/---
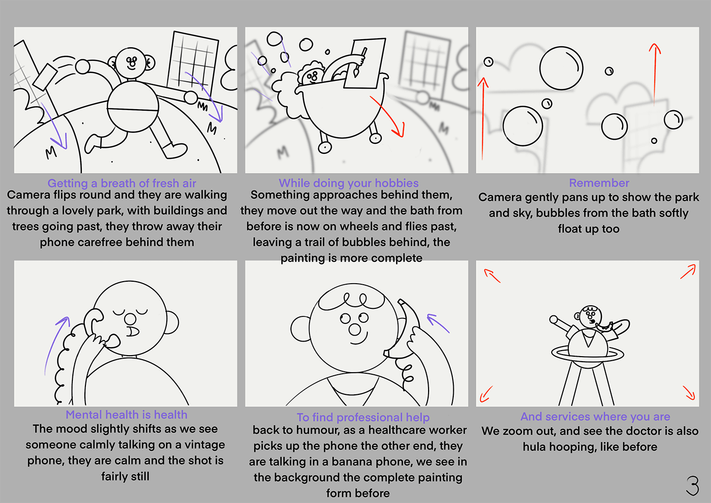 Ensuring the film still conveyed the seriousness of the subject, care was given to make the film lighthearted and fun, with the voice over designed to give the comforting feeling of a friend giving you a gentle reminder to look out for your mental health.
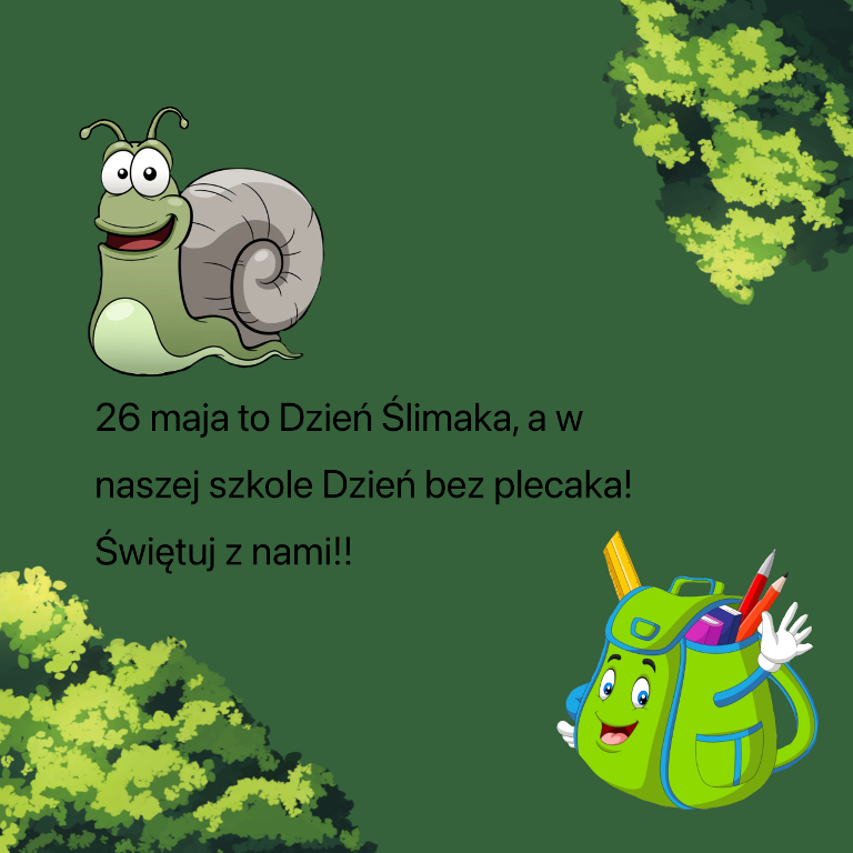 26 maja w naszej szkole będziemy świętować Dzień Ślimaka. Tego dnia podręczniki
\---
/---
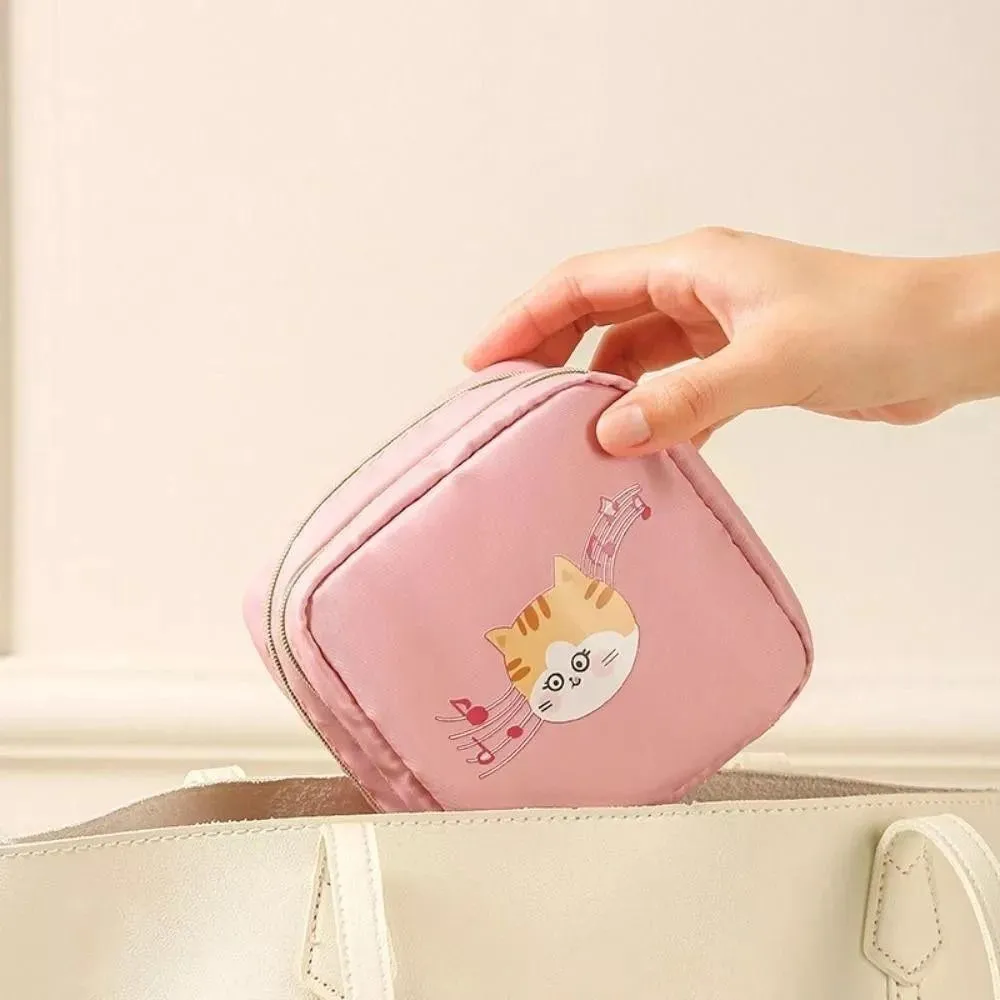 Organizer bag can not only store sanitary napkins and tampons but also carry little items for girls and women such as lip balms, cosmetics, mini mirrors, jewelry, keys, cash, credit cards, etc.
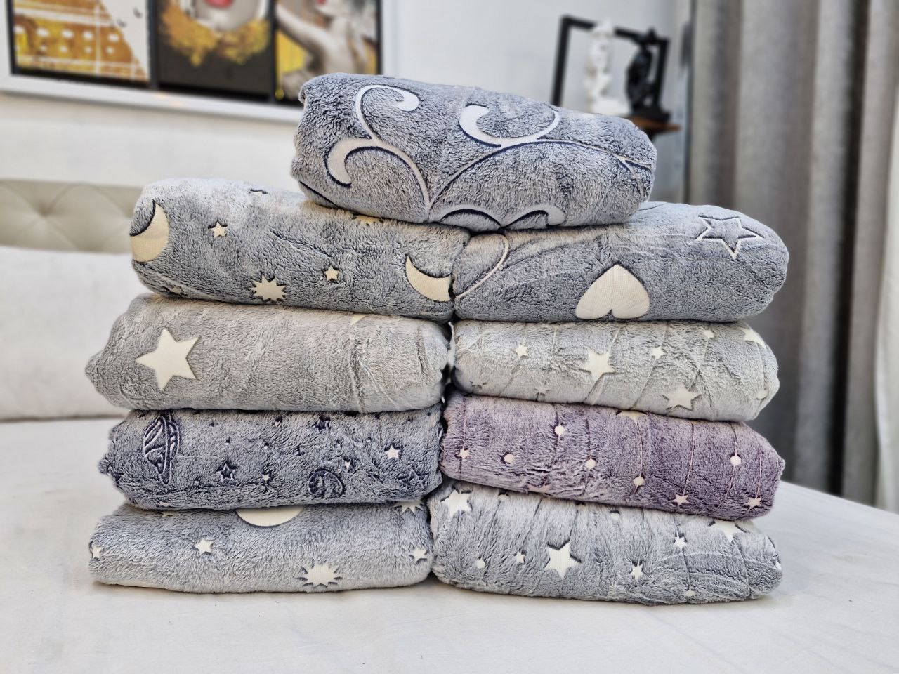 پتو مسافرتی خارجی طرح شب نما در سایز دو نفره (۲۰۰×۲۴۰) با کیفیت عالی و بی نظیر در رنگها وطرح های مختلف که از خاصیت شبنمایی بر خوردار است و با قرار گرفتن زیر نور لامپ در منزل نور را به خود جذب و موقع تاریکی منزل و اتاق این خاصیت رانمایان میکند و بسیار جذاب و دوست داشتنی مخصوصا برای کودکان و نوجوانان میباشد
\---
/---
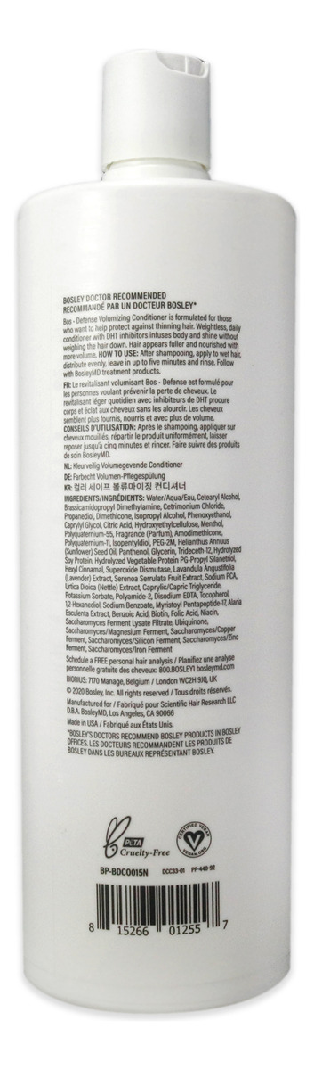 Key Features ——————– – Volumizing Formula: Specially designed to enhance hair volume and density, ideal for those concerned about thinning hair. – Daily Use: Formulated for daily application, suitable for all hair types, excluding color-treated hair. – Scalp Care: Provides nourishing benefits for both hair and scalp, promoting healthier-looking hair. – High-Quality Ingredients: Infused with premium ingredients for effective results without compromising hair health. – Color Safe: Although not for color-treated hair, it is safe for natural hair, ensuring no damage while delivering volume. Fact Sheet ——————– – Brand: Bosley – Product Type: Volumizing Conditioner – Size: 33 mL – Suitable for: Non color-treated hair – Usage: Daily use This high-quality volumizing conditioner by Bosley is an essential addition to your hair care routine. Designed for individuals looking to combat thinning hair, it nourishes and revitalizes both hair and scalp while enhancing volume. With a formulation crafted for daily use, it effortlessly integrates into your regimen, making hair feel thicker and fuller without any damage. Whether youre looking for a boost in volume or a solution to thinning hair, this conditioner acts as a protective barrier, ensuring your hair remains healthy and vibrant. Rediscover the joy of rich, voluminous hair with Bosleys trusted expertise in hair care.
\---
Starting at the line containing "Ensuring the film" and stopping at the line containing "26 maja w naszej", output each line exactly as it appears above. Leave out the pictures.

_Output of the exercise_
 Ensuring the film still conveyed the seriousness of the subject, care was given to make the film lighthearted and fun, with the voice over designed to give the comforting feeling of a friend giving you a gentle reminder to look out for your mental health.
 26 maja w naszej szkole będziemy świętować Dzień Ślimaka. Tego dnia podręczniki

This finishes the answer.